Below is some data. Retype exactly the lines starting at the one with "从表3可知,吸附初期GSS的" and ending at the one with "Разноцветные карандаши на белом фоне".

• Data listing
--- START ---
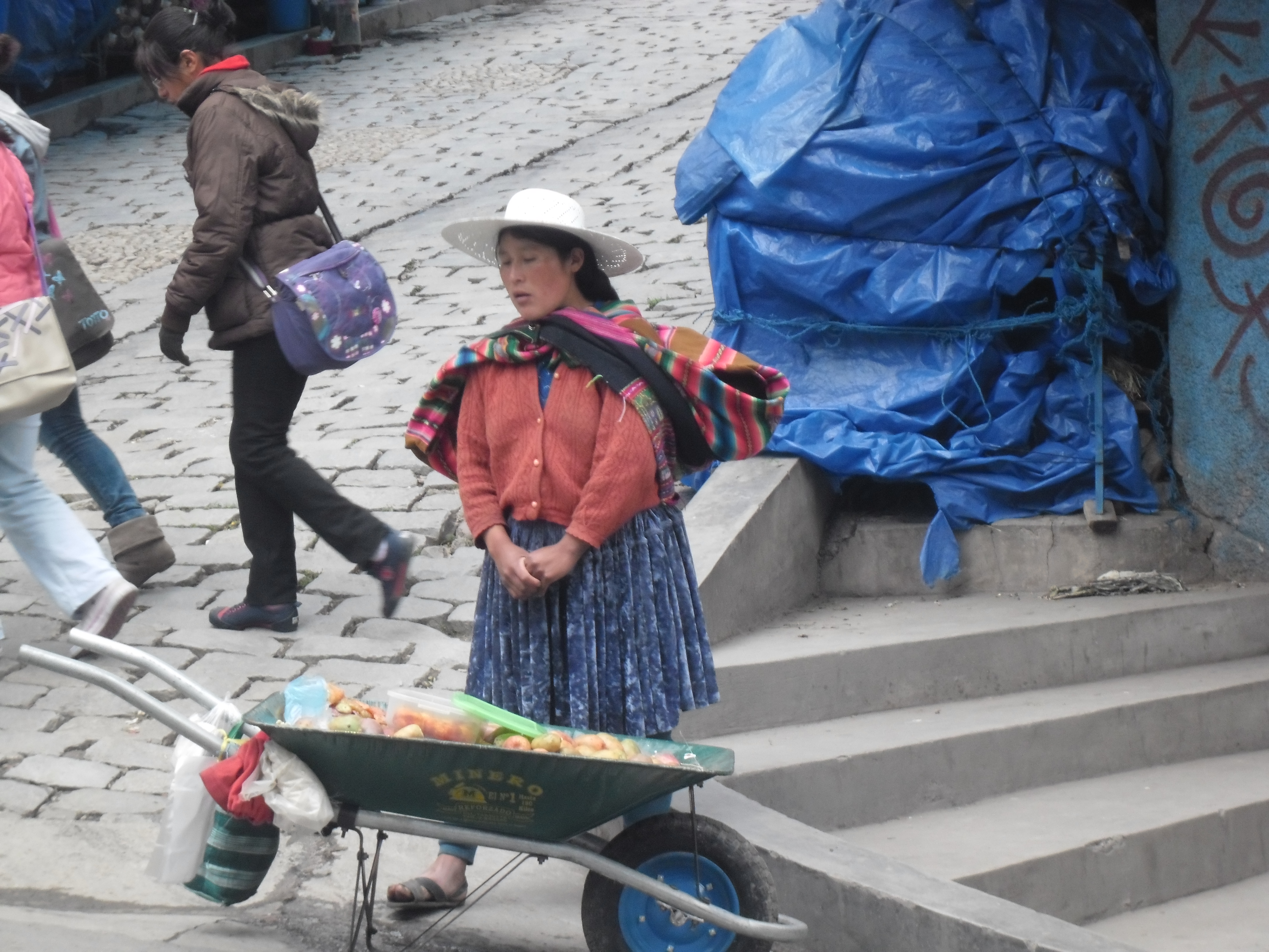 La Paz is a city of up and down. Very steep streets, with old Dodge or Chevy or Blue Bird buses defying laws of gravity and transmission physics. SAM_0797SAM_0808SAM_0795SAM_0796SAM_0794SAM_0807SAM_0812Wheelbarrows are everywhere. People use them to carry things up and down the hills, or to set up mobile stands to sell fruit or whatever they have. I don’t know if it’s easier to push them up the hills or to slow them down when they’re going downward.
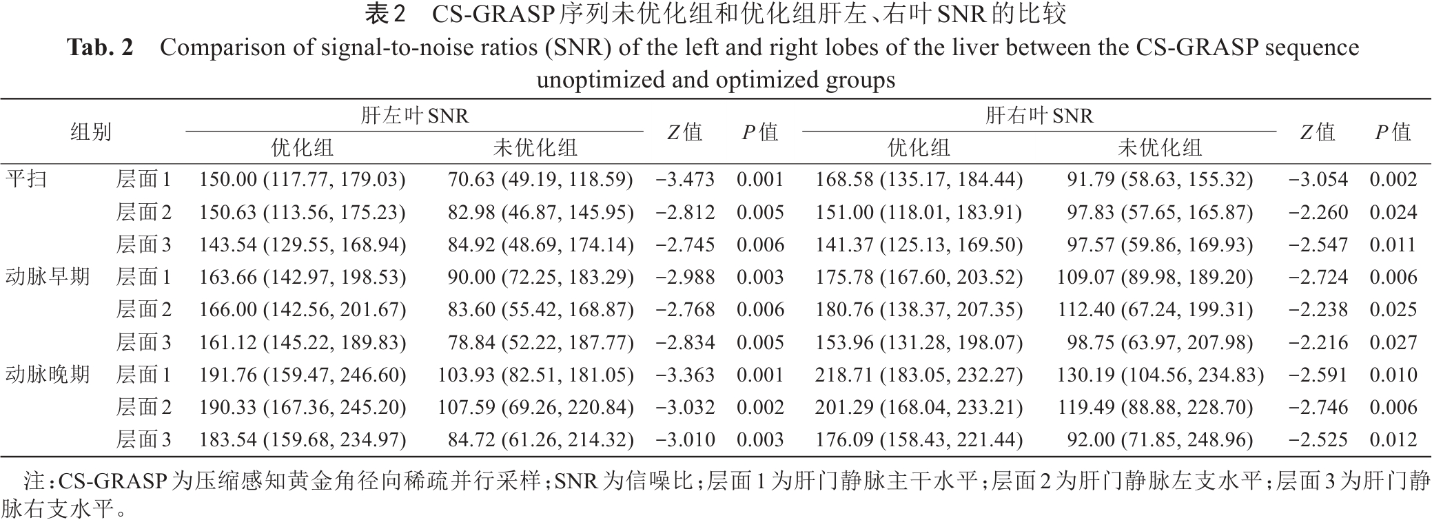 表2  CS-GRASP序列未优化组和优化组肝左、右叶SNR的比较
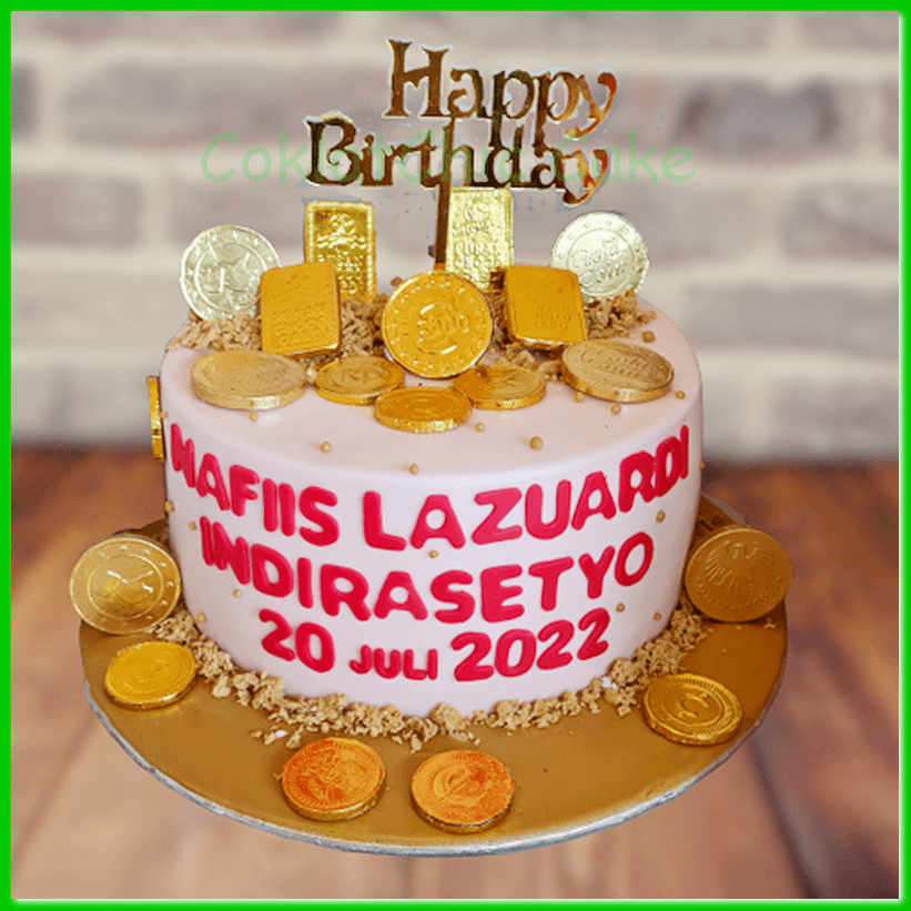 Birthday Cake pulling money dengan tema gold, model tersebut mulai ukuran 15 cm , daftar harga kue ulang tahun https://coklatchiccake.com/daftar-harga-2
--- END ---
--- START ---
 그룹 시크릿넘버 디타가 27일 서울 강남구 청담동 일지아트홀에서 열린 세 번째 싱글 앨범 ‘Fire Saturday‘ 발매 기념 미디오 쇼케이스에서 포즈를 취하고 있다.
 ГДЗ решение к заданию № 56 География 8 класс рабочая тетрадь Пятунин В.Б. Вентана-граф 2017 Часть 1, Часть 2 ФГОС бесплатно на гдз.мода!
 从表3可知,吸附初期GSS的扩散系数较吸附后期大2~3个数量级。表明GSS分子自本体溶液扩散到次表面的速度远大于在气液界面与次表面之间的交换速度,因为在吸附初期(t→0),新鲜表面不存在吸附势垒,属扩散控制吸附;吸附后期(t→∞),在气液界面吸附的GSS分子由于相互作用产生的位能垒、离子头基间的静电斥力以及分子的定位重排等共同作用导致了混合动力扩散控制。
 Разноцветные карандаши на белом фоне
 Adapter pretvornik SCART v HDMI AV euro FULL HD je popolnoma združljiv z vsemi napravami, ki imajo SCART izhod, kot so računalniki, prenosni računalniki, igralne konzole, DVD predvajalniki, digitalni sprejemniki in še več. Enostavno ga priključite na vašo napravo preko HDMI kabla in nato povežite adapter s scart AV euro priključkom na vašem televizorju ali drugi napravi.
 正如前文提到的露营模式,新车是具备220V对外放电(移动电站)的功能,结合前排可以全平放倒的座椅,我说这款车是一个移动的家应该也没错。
--- END ---
--- START ---
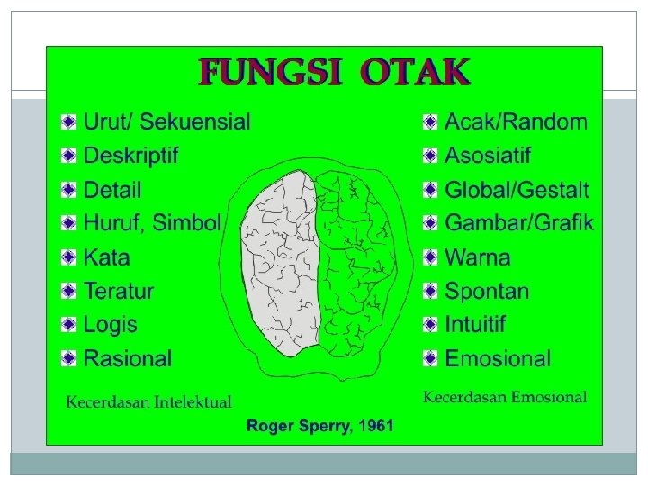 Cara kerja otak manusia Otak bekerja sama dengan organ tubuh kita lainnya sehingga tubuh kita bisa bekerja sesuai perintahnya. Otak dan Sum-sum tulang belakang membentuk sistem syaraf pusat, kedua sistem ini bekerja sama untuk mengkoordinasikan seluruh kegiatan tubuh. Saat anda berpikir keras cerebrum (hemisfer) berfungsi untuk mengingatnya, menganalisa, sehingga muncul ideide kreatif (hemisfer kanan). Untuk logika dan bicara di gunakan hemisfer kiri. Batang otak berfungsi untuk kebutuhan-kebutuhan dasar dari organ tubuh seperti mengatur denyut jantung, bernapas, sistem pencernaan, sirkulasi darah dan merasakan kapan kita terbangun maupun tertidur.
--- END ---
• Your response
 从表3可知,吸附初期GSS的扩散系数较吸附后期大2~3个数量级。表明GSS分子自本体溶液扩散到次表面的速度远大于在气液界面与次表面之间的交换速度,因为在吸附初期(t→0),新鲜表面不存在吸附势垒,属扩散控制吸附;吸附后期(t→∞),在气液界面吸附的GSS分子由于相互作用产生的位能垒、离子头基间的静电斥力以及分子的定位重排等共同作用导致了混合动力扩散控制。
 Разноцветные карандаши на белом фоне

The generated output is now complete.